Search code examples
pythonhuggingface-transformers

How to prepare custom training data for Donut (Document Understanding Transformer)?


I want to train Hugging Face's Donut (Document Understanding Transformer) but I need help in creating the training data.

Donut github: https://github.com/clovaai/donut

Donut official documentation: https://huggingface.co/docs/transformers/main/en/model_doc/donut

If anybody has already created and trained the model, kindly help.


Solution

  • Understanding how to label the training data was a bit confusing in the beginning but after reading this, it became clear.

    Donut treats all tasks as JSON prediction problems.
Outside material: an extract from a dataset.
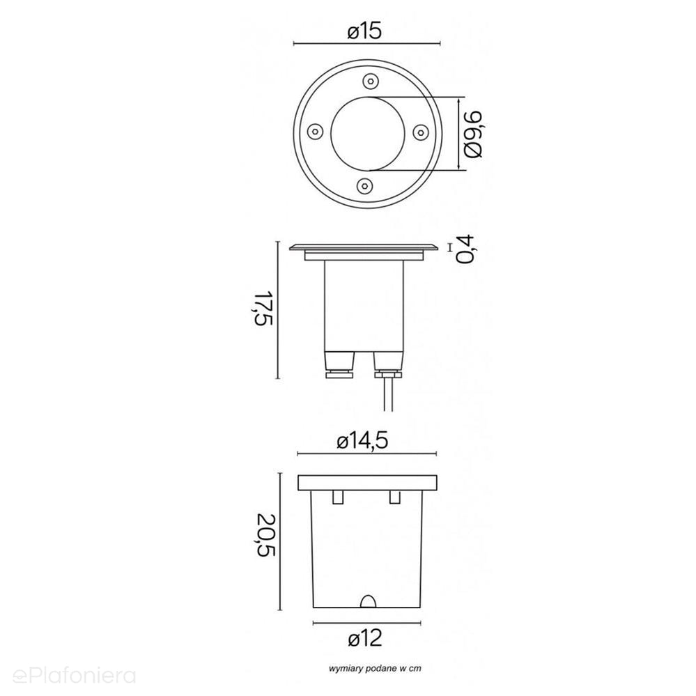 Nowoczesna lampa ogrodowa, zewnętrzna o wysokim systemie szczelności IP 67, z regulowanym kątem nachylenia strumienia światła w zakresie 23 stopni w pionie, najazdowa, do wbudowania w powierzchnie, takie jak: kostka brukowa, glazura, terakota, deski, beton lub bezpośrednio w grunt, o dopuszczalnym nacisku statycznym do 1 tony oraz dynamicznym do 1,5 tony.

Ensure that your dataset follow this structure:

    dataset_name
    ├── test
    │   ├── metadata.jsonl
    │   ├── {image_path0}
    │   ├── {image_path1}
    │             .
    │             .
    ├── train
    │   ├── metadata.jsonl
    │   ├── {image_path0}
    │   ├── {image_path1}
    │             .
    │             .
    └── validation
        ├── metadata.jsonl
        ├── {image_path0}
        ├── {image_path1}
                  .
                  .
    

    For Document Information Extraction, each line in metadata.jsonl should look like this:

    {"file_name": {image_path0}, "ground_truth": "{\"gt_parse\": {ground_truth_parse}, ... {other_metadata_not_used} ... }"}
    {"file_name": {image_path1}, "ground_truth": "{\"gt_parse\": {ground_truth_parse}, ... {other_metadata_not_used} ... }"}
    

    The model ignores other metadata and focuses on the gt_parse or gt_parses field to predict the JSON task.

    For other tasks like Document Visual Question Answering, refer to the GitHub link.